La censure, boussole droitière
Quelques jours avant la votation sur l’accord de libre-échange avec l’Indonésie, en mars dernier, Christian Lüscher, fervent défenseur libéral-radical de cet accord, a obtenu la censure d’un article de Gotham City mentionnant les intérêts de son client Hashim Djojohadikusumo dans l’huile de palme. L’avocat défend ce magnat indonésien pesant 650 millions de dollars, qui avait fait l’objet d’une enquête pénale fiscale sur des soupçons de soustraction de montants importants d’impôts et dont le fisc genevois réclamait plus de 100 millions de francs d’arriérés. C’est grâce aux mesures provisionnelles que la justice a pu censurer cet article. Gotham City, spécialisé dans les affaires de corruption, a alerté médias et politiques sur la réforme en cours, passée inaperçue, visant à faciliter la censure urgente d’un article ou d’une émission, via les mesures provisionnelles, si elle estime qu’une entreprise ou une personne serait atteinte de façon particulièrement grave. En biffant l’adverbe «particulièrement», le recours à cet outil déjà controversé et problématique, puisqu’il sert surtout les intérêts des puissants, serait facilité. Pire, en ajoutant à la condition «l’atteinte est imminente» celle qu’elle «est en cours», le parlement s’apprête à permettre le retrait d’articles déjà parus, sans même entendre les arguments des médias.

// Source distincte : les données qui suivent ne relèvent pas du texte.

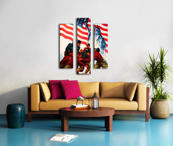 1945 PATRIOTIC WORLD WAR II ERA FOOTBALL ART ROW ONE BRAND  Canvas Print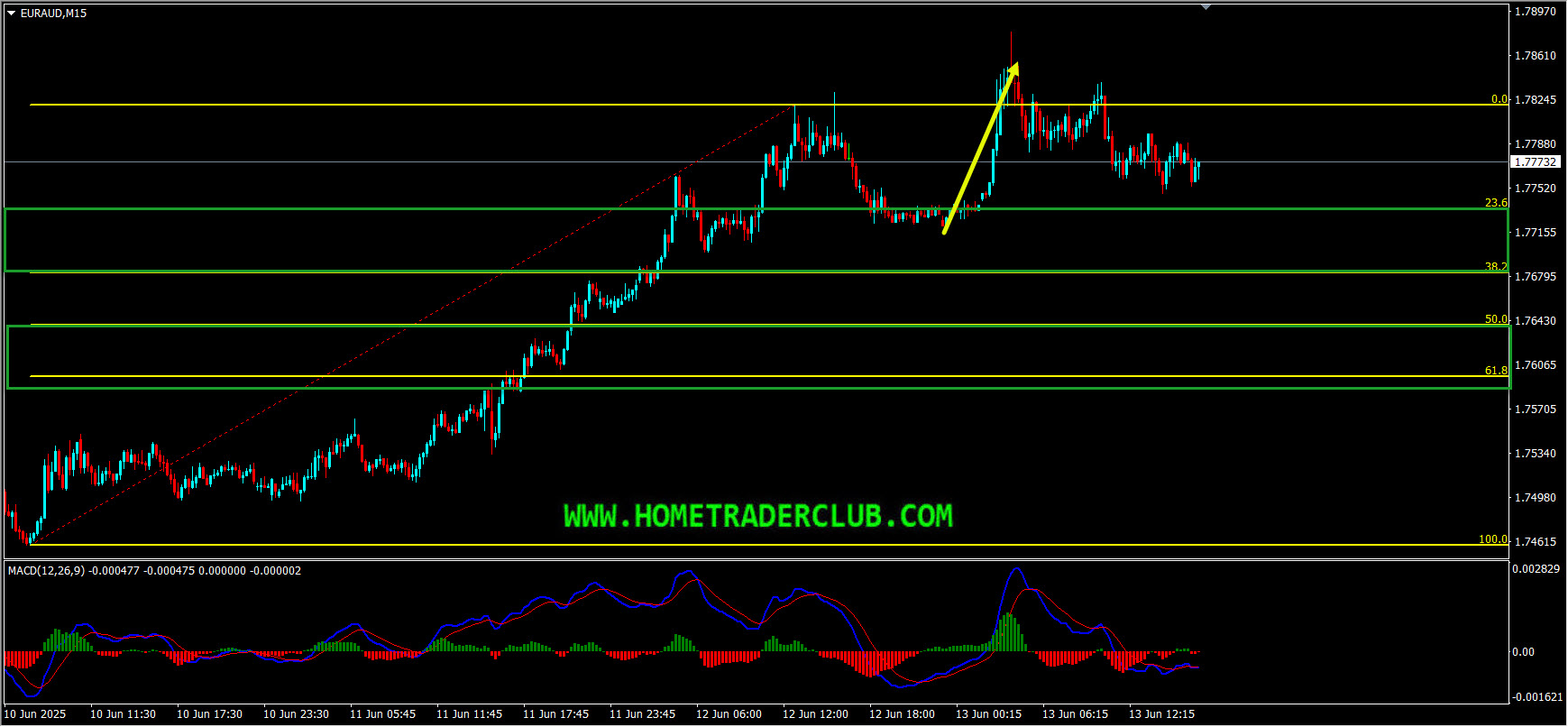 EURAUD – My idea here was “On the M15 chart, we have a strong bullish momentum and also currently there are no signs opposing this short term bullish view. Also while measuring this strong bullish move we have two key support zones that has formed. The first key support zone is formed based on the 23.6%(1.77110) – 38.2%(1.76633) Fibonacci retracement levels of the strong bullish move. The second key support zone is formed based on the 50%(1.76248) – 61.8%(1.75863) Fibonacci retracement levels of the strong bullish move. Until both these key support zones shown in the image below (marked in green) holds my short term view remains bullish here and I expect the price to move higher further after retraces”.

Pour les sénateurs de droite qui appuient cette réforme, il s’agirait de protéger des individus lambdas contre des médias surpuissants et putassiers, dotés de services juridiques très fournis. La réalité est tout autre, comme le montrent les nombreux déboires judiciaires de Gotham City, petit média porté par une poignée de confrères et consoeurs méritant·es: cette prétendue retouche s’inscrit dans la multiplication des procédures juridiques dites bâillons qui épuisent psychologiquement et financièrement les rédactions. Et cela fonctionne: sur le terrain, lesdits services juridiques des groupes de médias pourtant puissants ont tendance à censurer les journalistes qui souhaiteraient nommer les notables empêtrés dans des affaires. Pourvu que le National suive l’intérêt commun et pas celui des oligarques et autres Christian Lüscher.